Cette phrase résonne sûrement dans beaucoup d’oreilles. Enfant, je ressentais qu’elle signifiait : « Tu n’as pas ton mot à dire », que ce que je pensais ou ressentais avait moins d’importance, car c’est l’adulte qui a le dernier mot. (D’ailleurs, ma fille est tellement affirmée qu’elle ne laisserait jamais passer ce genre de remarque.)

Adulte, je crois plutôt que la famille est une communauté où l’on est là les uns pour les autres. Ce n’est pas une hiérarchie, mais une collaboration. Quand je parle avec ma fille, je m’efforce de lui montrer que ses décisions comptent aussi.

Je lui dis souvent : « Prends soin de tout, car quand nous ne serons plus là, tout cela sera à toi. » Comme elle aime prendre soin de ses affaires, cela fonctionne toujours bien. En somme, je défends la même valeur – mais pas par autorité, plutôt par communauté et amour.

« Parce que je l’ai dit, point final. »

C’est un sujet délicat pour moi, car parfois je ressens le besoin de poser des limites claires, sans laisser place à la discussion après avoir expliqué trois fois. Parfois, il faut rappeler qu’on est l’adulte, plus expérimenté, et qu’on voit mieux la situation. Mais si cette phrase revient trop souvent, elle crée un mur invisible entre parent et enfant. Le pouvoir l’emporte, mais la compréhension et la communication s’éloignent.

Je sais combien il est tentant de dire cela quand on est en conflit ou que l’enfant teste ses limites. Mais expliquer le pourquoi apporte beaucoup. Les décisions communes et règles discutées renforcent le lien, elles ne diminuent pas l’autorité parentale.

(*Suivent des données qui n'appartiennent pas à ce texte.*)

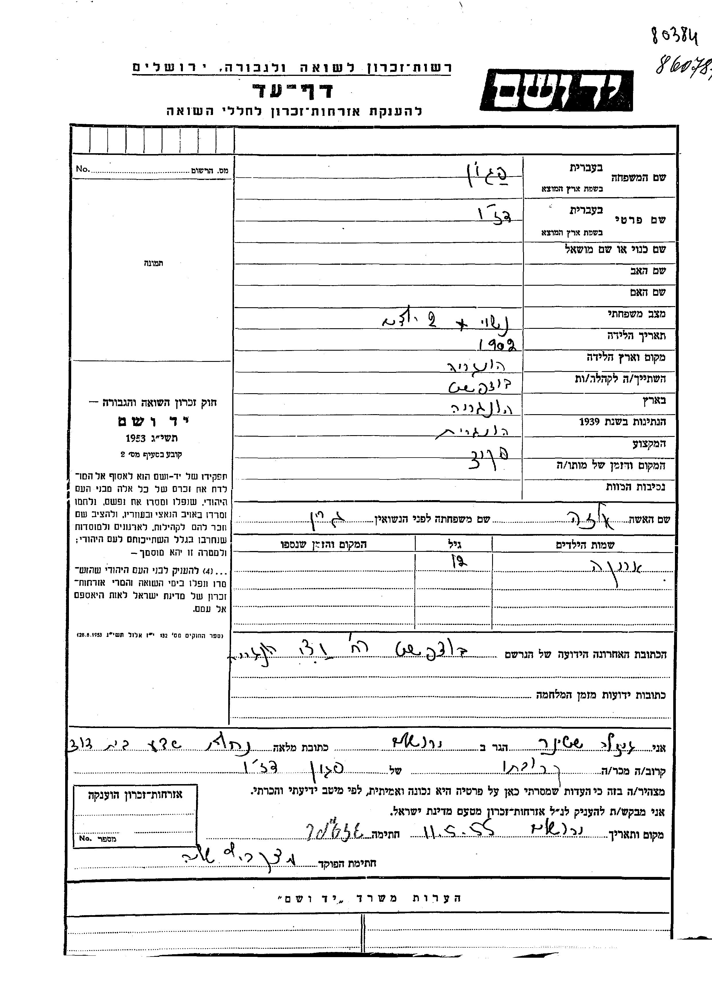 Yad Vashem - Gedenkblätter Sammlung

« Si tu arrêtes pas de pleurer, je vais te donner une raison ! »

Enfant, je ne comprenais pas comment on pouvait gronder quelqu’un à cause de ses larmes. Aujourd’hui, je sais que les adultes craignaient souvent moins les pleurs que leur propre impuissance. Ils disaient cela parce qu’ils ne savaient pas comment gérer la vulnérabilité et le besoin de réconfort. Moi, je souhaite que ma fille ne ressente jamais de honte à propos de ses émotions. Qu’elle sache qu’il est normal, parfois nécessaire, de pleurer, et qu’il n’est pas toujours obligatoire d’être fort. La vraie force, c’est de pouvoir se connecter à l’autre. Bien sûr, instinctivement, je lui ai souvent dit « ne pleure pas » ou « calme-toi », puis j’ai essayé de m’améliorer : « Parlons de ce qui ne va pas. »

« Si tu tombes, je te donnerai une claque. »

Sur ce point, je pense que nous avons beaucoup progressé, et j’aime croire que c’est un changement générationnel. La punition physique m’est inconcevable, envers quiconque, et encore plus envers mon enfant. Souvent, l’erreur elle-même suffit à enseigner, et si on se cogne assez souvent quand on ignore les avertissements, on finit par comprendre qu’il vaut mieux écouter. La peur n’enseigne rien, elle enferme. L’empathie, elle, ouvre les cœurs – c’est celle-là que je veux transmettre.

Après tout ça, je dois avouer que je ne me berce pas d’illusions : ma fille ne dira pas un jour « Maman, tu étais parfaite. » Je sais qu’il y aura toujours quelque chose qui restera marqué. Une phrase à moitié dite, un mauvais jour, un moment où je n’ai pas été à la hauteur de ses attentes. Mais si rien d’autre, j’espère qu’elle retiendra que j’ai essayé, et que je l’ai aimée sans condition, en toutes circonstances.